Ten points—and this huge spider—go to Gryffindor

Hufflepuff has long been the most mockable Harry Potter house, largely because the idea that founder Helga Hufflepuff “took the rest”—a.k.a. the students without discernible personality types—doesn’t exactly inspire confidence. But now it seems that Gryffindor is the house lowering its standards. In fact, it’s stooped so low as to add spiders to the mix: A newly identified species of spider has been dubbed “Eriovixia Gryffindori.” And scientists chose the name because the arachnid looks just like the Hogwarts sorting hat, which once belonged to house founder Godric Gryffindor.

The spider was identified in a paper published in the Indian Journal Of Arachnology (which, coincidentally, makes a great gift this holiday season!). Scientists Rajashree Khalap, Javed Ahmed, and Sumukha J. N. described the spider as a “new species of cryptic, dry-foliage mimicking araneid.” And they had this to say about its connection to the wizarding world:

This uniquely shaped spider derives its name from the fabulous, sentient magical artifact, the sorting hat, owned by the (fictitious) medieval wizard Godric Gryffindor, one of the four founders of Hogwarts School of Witchcraft and Wizardry, and stemming from the powerful imagination of Ms. J. K. Rowling, wordsmith extraordinaire, as presented in her beloved series of books, featuring everyone’s favorite boy-wizard, Harry Potter. An ode from the authors, for magic lost, and found, in an effort to draw attention to the fascinating, but oft overlooked world of invertebrates, and their secret lives.

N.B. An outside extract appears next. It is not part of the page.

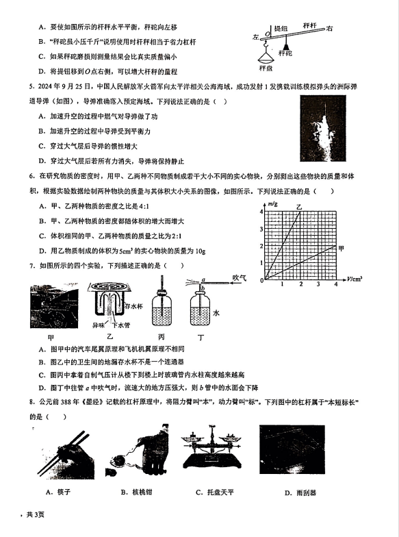 2024-2025学年甘肃兰州三十五中学八年级下册物理期末真题(图片版)(2)

J.K. Rowling took to Twitter to note that she was “truly honoured” by the spider’s name and congratulated the scientists on discovering another “#FantasticBeast.” (Because, let’s face it, Rowling didn’t get where she is today without a little crafty self-promotion now and again.)

This actually isn’t the first time an insect has been named after something from the Harry Potter world. Back in 2014, a previously unnamed species of wasp was dubbed “Ampluex dementor” by a fan contest at the Museum of Natural History in Berlin.